The datasets are not public domain, but licensed under the Open Government Licence (which allows you to use and adapt the data for commercial use).

There's also the Global Open Data Index: a website that ranks countries by how much Government data is available as open datasets based on certain criteria. The current top spot is taken by Taiwan

  1. Taiwan
  2. UK
  3. Denmark
  4. Colombia
  5. Finland
  5. Australia
  7. Uruguay
  8. USA
  8. Netherlands
  10. Norway
  10. France
http://index.okfn.org/place/
[+] psykovsky|10 years ago|reply
You mean Colombia?
[+] yzh|10 years ago|reply
For the complex network part, I think the collection missed this one: http://www.networkrepository.com/ The site itself is a collection of several publicly available network datasets.
[+] patrickk|10 years ago|reply
Betfair Historical Exchange Data requires you to have "100 Betfair points" which you acquire by gambling on their site. It's hardly an open dataset.
[+] Spooky23|10 years ago|reply
Check out data.ny.gov

Also nycopendata.socrata.com

[+] lifeisstillgood|10 years ago|reply
Is it too late to create a central registry of datasets - to aid discoverability. A voluntary system maintained by convention?
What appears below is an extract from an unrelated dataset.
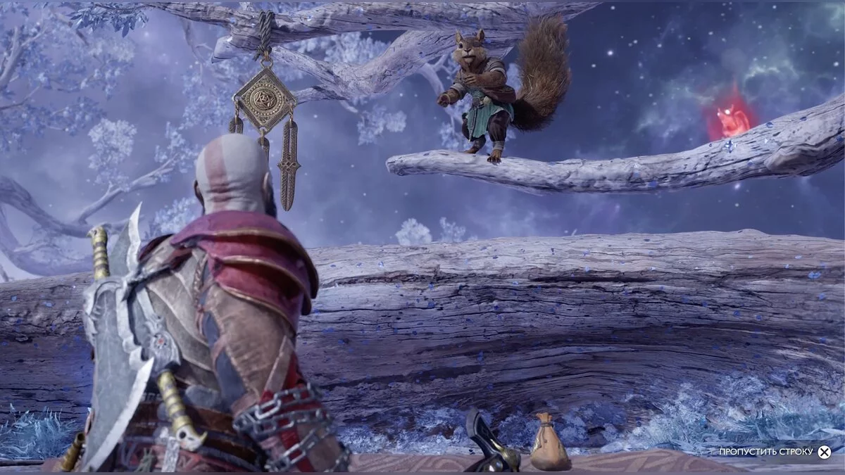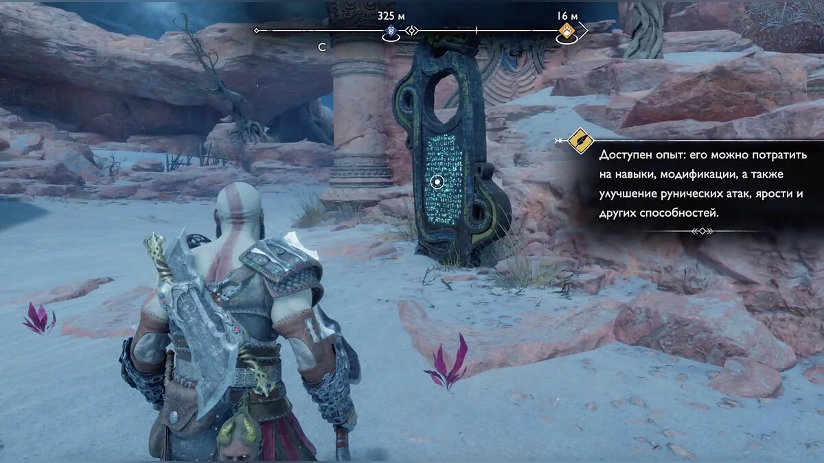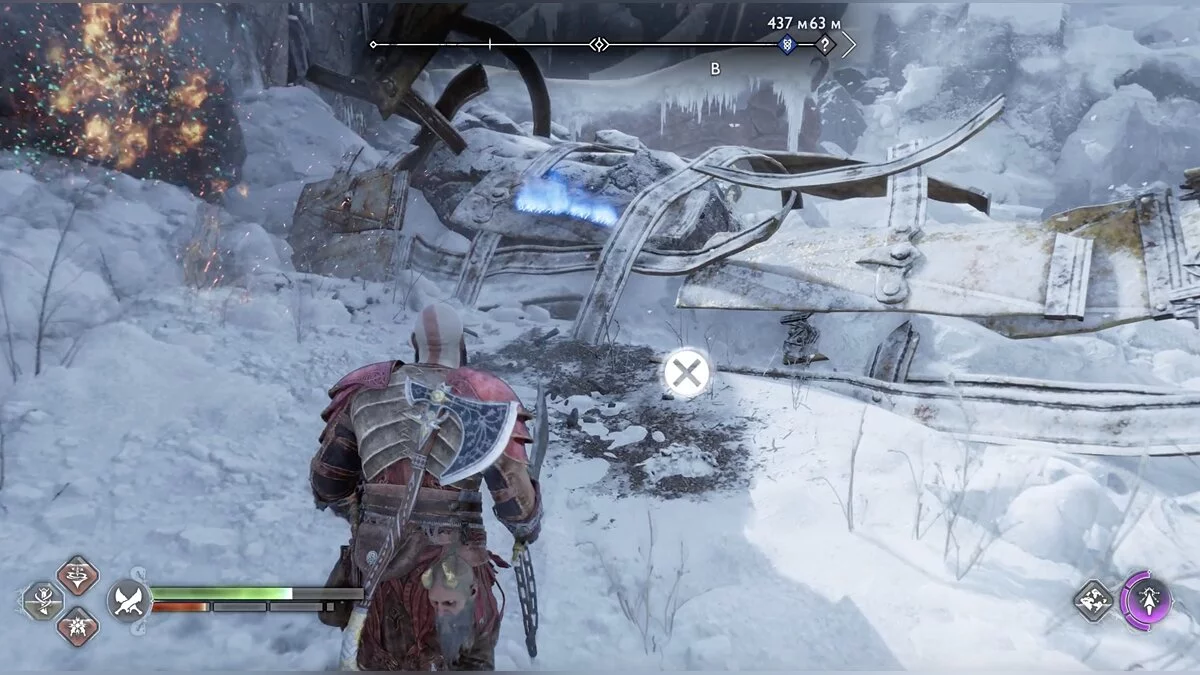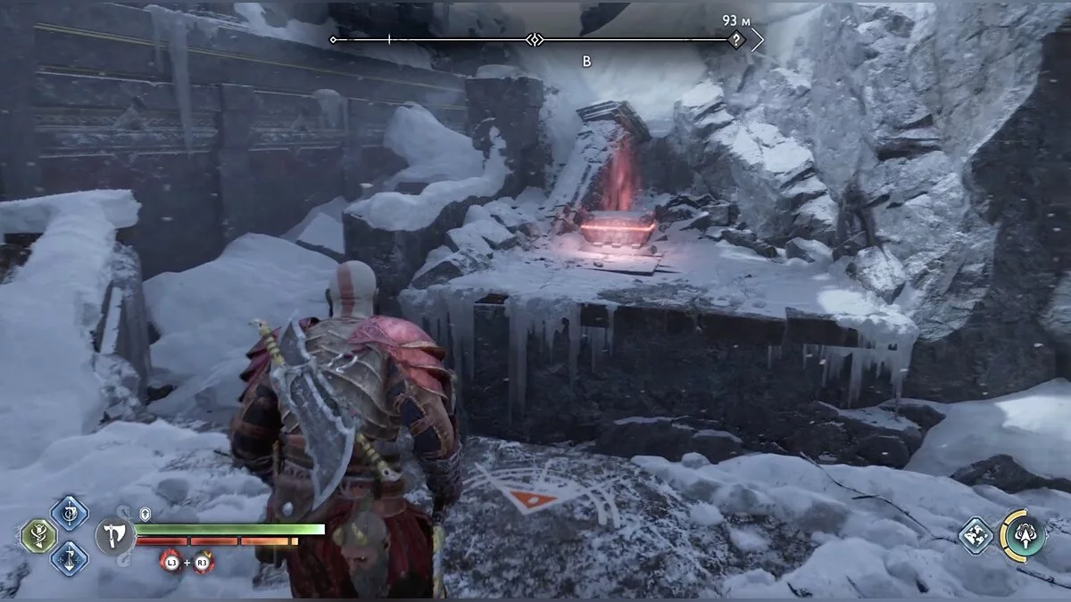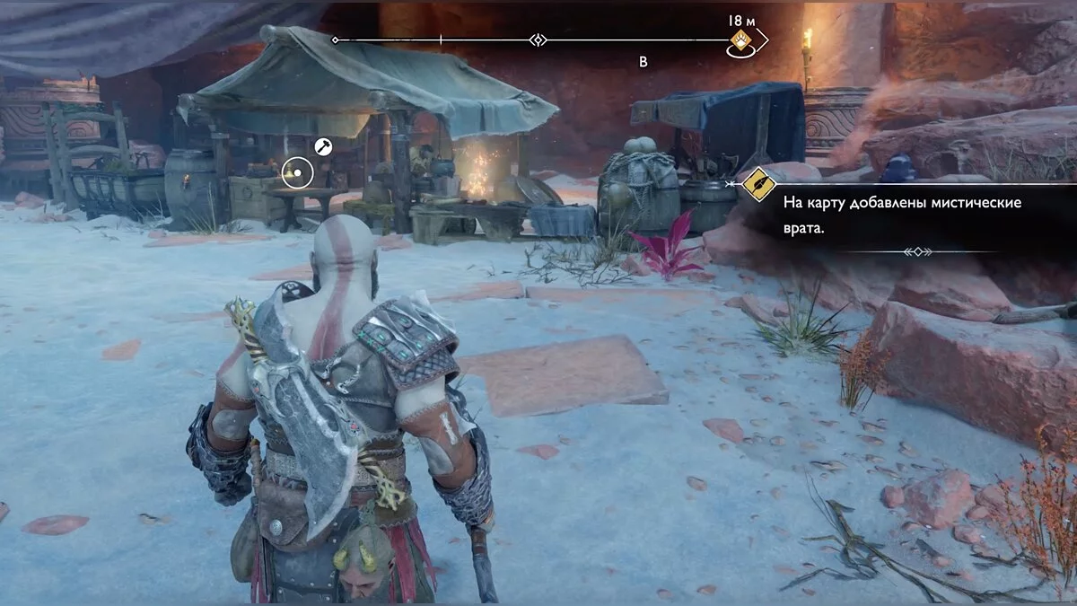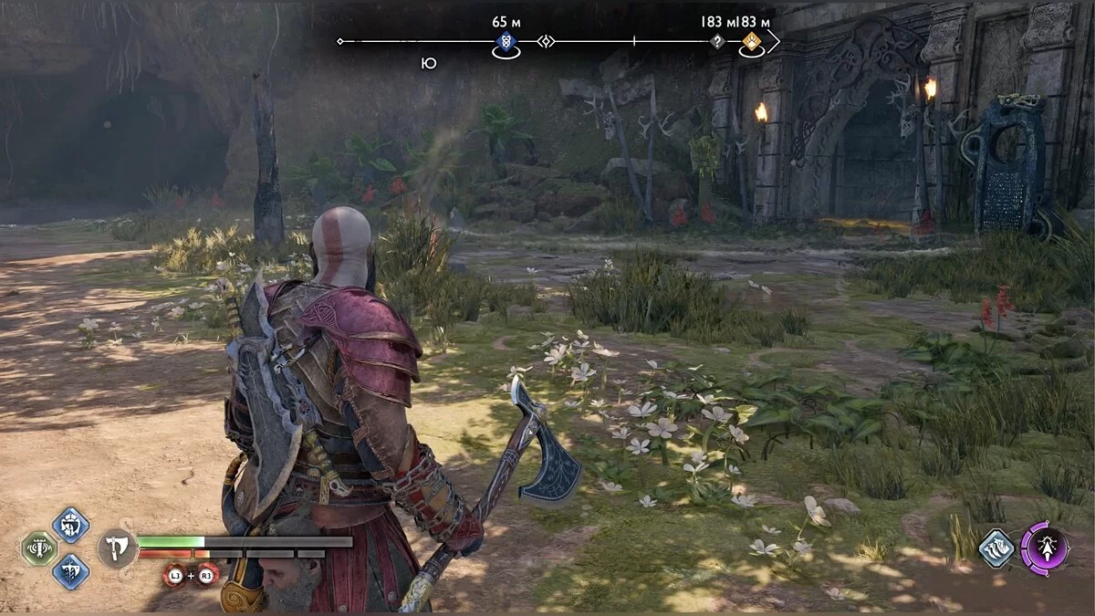 После завершения сюжета пообщайтесь с Рататоском. Получив благодаря белке доступ к новым мистическим вратам, отправляйтесь в Нифльхейм. Здесь вы в роли Кратоса еще не бывали. Сразу после врат — цветок. Также на большой локации можно найти могилу берсерка.

Perhaps a distributed registration system ala DNS?

[+] tylercubell|10 years ago|reply
Enigma.io is great for public data too.
[+] minimaxir|10 years ago|reply
I took another look at the Enigma.io public datasets. Over 50% of all the public datasets are from the Federal Reserve Bank of St. Louis. Finance data is boring. :P

Quandl (https://www.quandl.com/browse) is similar to Engima, except they got rid of all the fun datasets and added more finance/economic datasets. Hmrph.

[+] legulere|10 years ago|reply
It's strange that they put Wikidata under natural language.